FLOPs

Floating-point operations (FLOPs) are calculations involving floating-point numbers, which are numbers that can have a fractional part. These operations are common in scientific, engineering, and graphics computations. They are different from integer operations, which involve only whole numbers.

How FLOPs are Calculated

  1. Single Operation: A floating-point operation can be a mathematical action like addition, subtraction, multiplication, or division. For example, if a computer performs one million floating-point multiplications in one second, it is performing one million FLOPs.

  2. Fused Multiply-Add (FMA): A special case is the FMA operation, which combines multiplication and addition in a single step. It’s counted as two floating-point operations even though it’s executed as one instruction for efficiency.

Understanding 30 TFLOPs/s

  • TFLOPs/s: TeraFLOPs per second (TFLOPs/s) means trillions of floating-point operations per second. So, 30 TFLOPs/s means the GPU can theoretically perform 30 trillion floating-point operations per second.

  • FP32: FP32 refers to 32-bit floating-point numbers. It’s a way of specifying the precision of the floating-point computations.
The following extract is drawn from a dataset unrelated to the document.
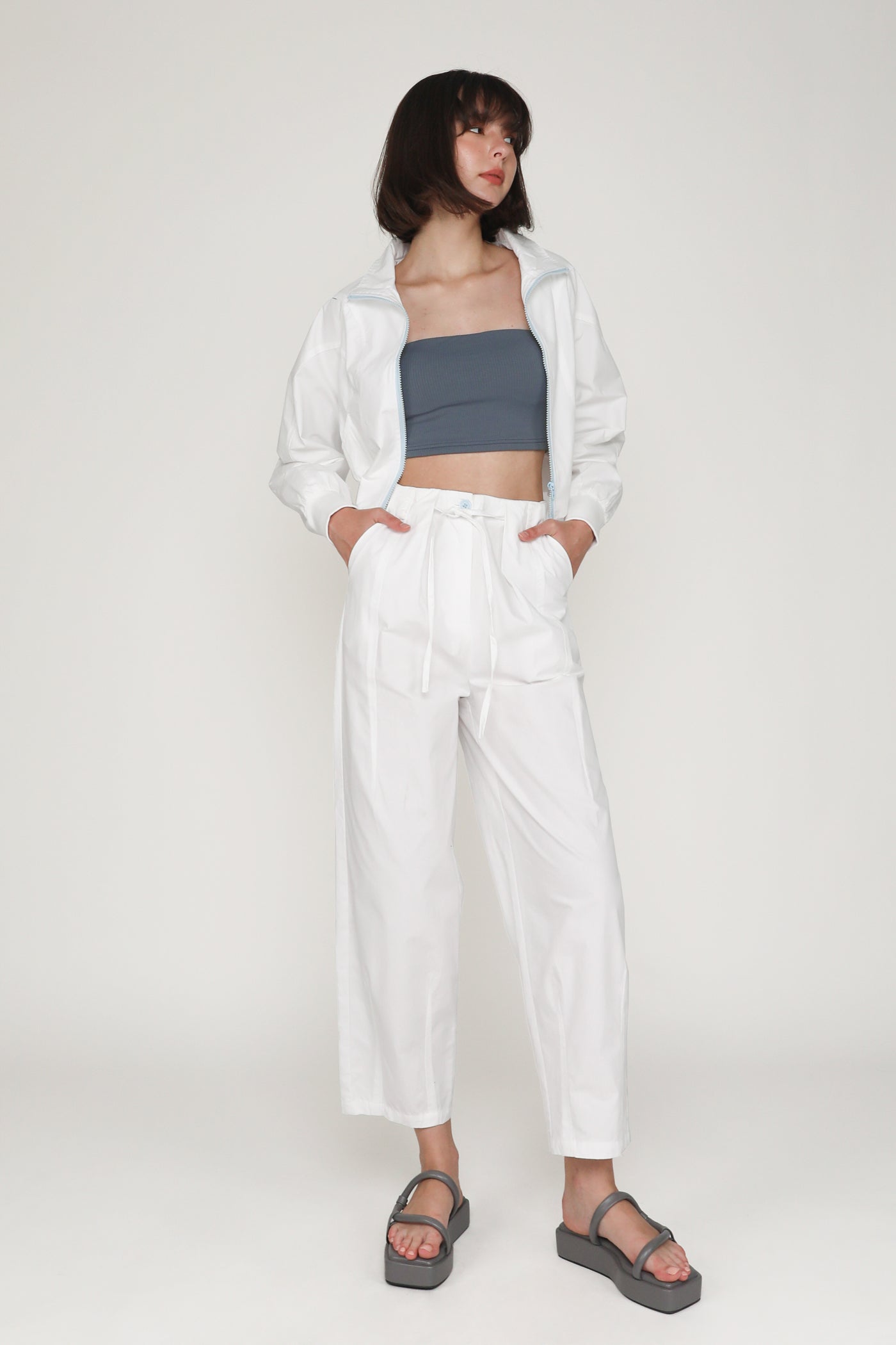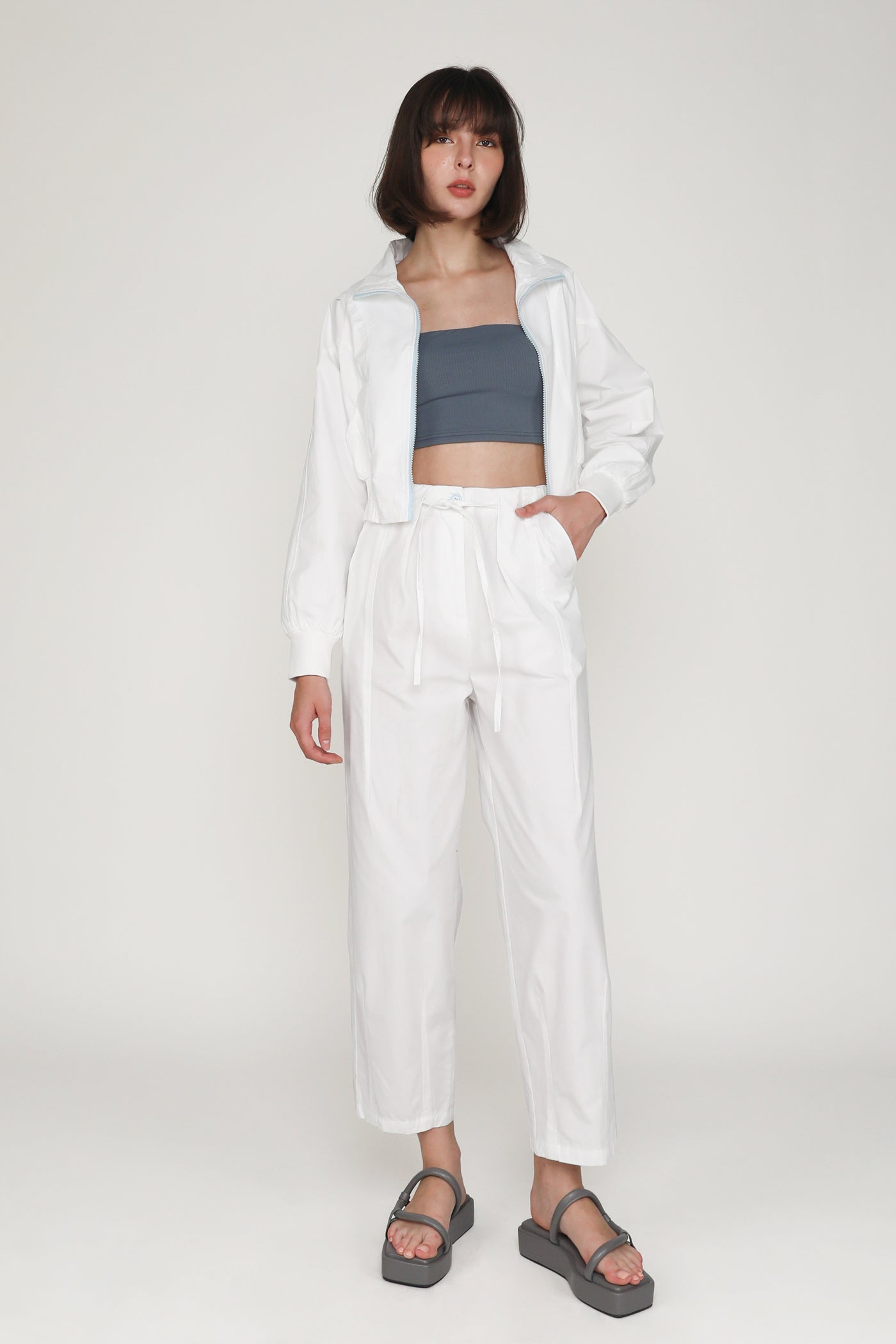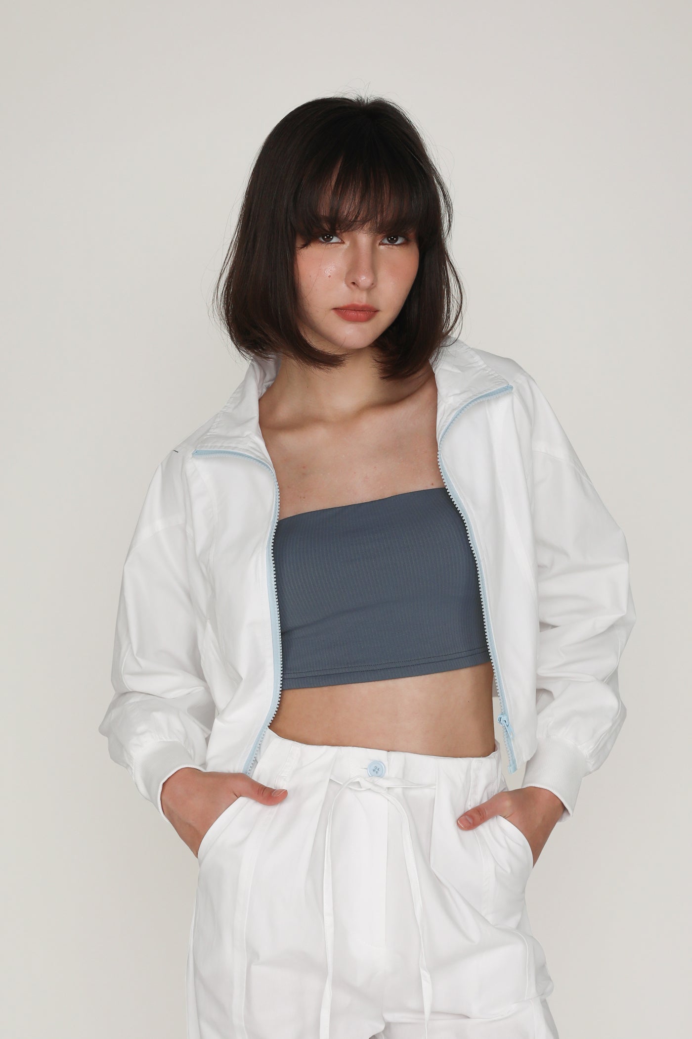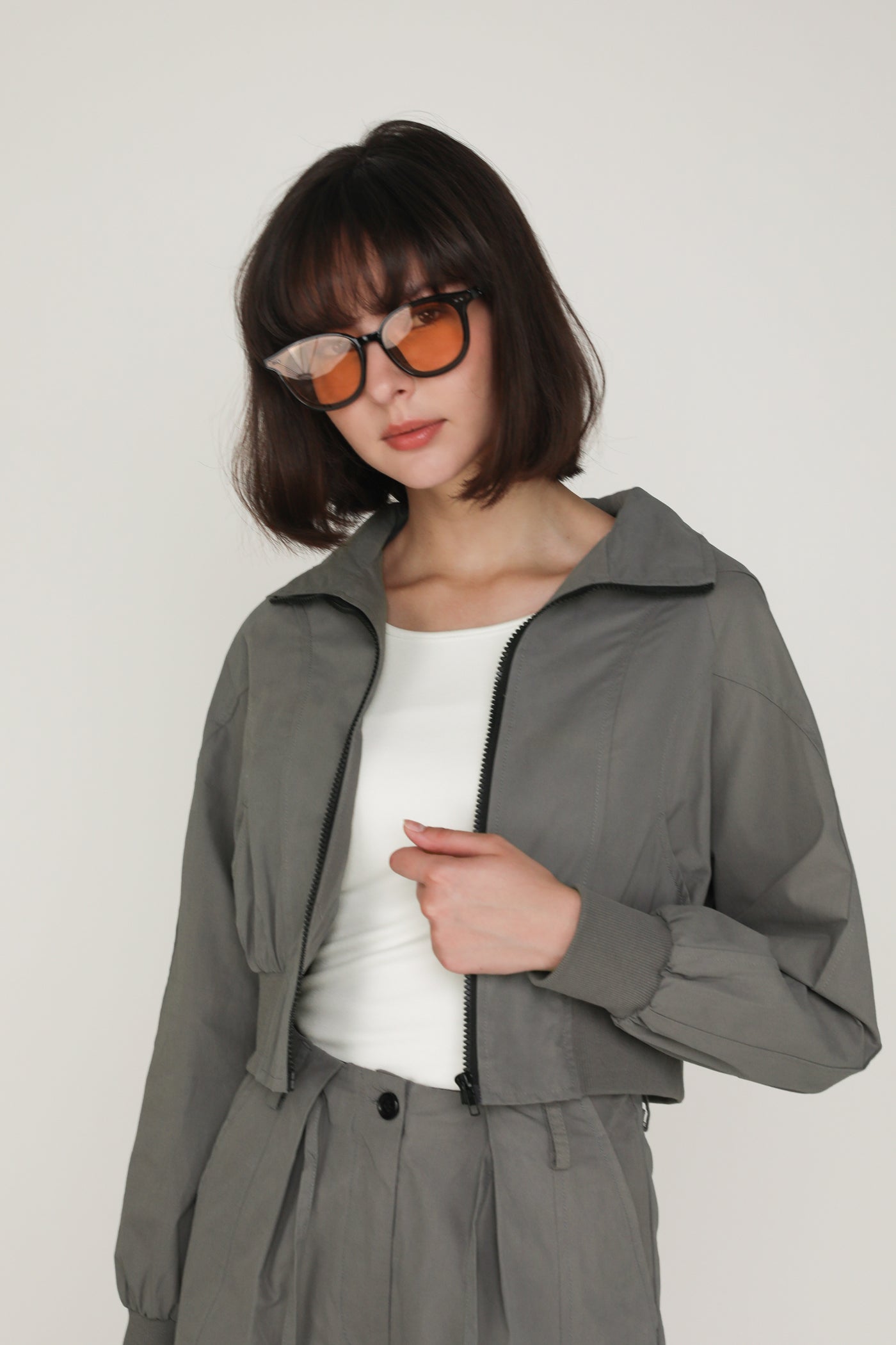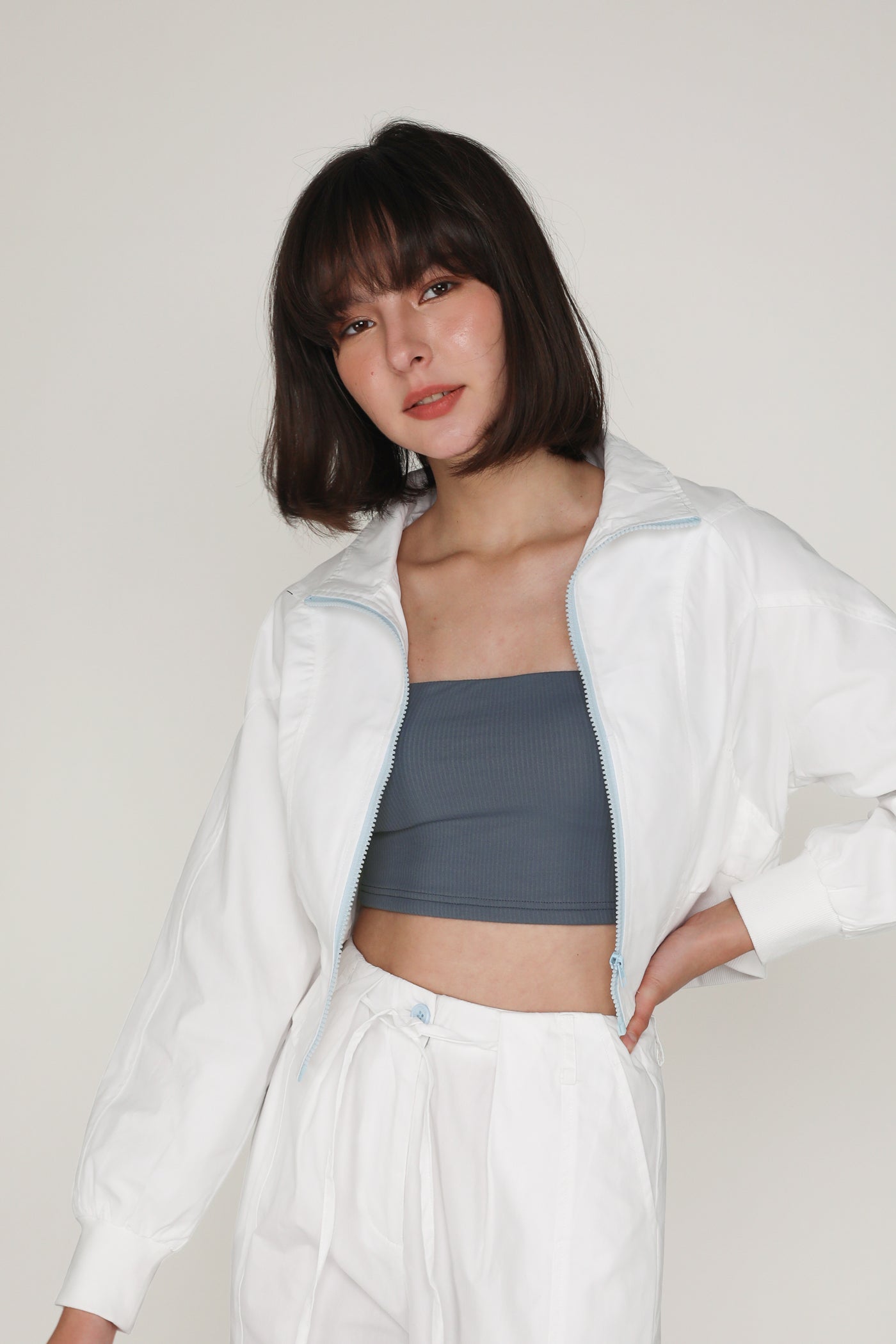 This jacket is made of inner lined cotton material for a light and breathable fit. it is complete with functional front pockets and an exposed front zip.

Each FP32 floating-point number uses 32 bits of memory.

  • How It’s Calculated: The 30 TFLOPs/s value is likely calculated based on the theoretical maximum performance of the GPU. For instance, if a GPU has a certain number of cores, each capable of performing a certain number of FMA operations per clock cycle, you would multiply the number of cores by the number of operations per core per cycle and then by the clock speed (in cycles per second) to get FLOPs/s. If this reaches 30 trillion, you have 30 TFLOPs/s.

Global Memory Bandwidth

  • 768GB/s: This is a measure of how much data can be transferred to and from the GPU’s global memory per second. A bandwidth of 768GB/s means the GPU can read or write 768 gigabytes of data per second.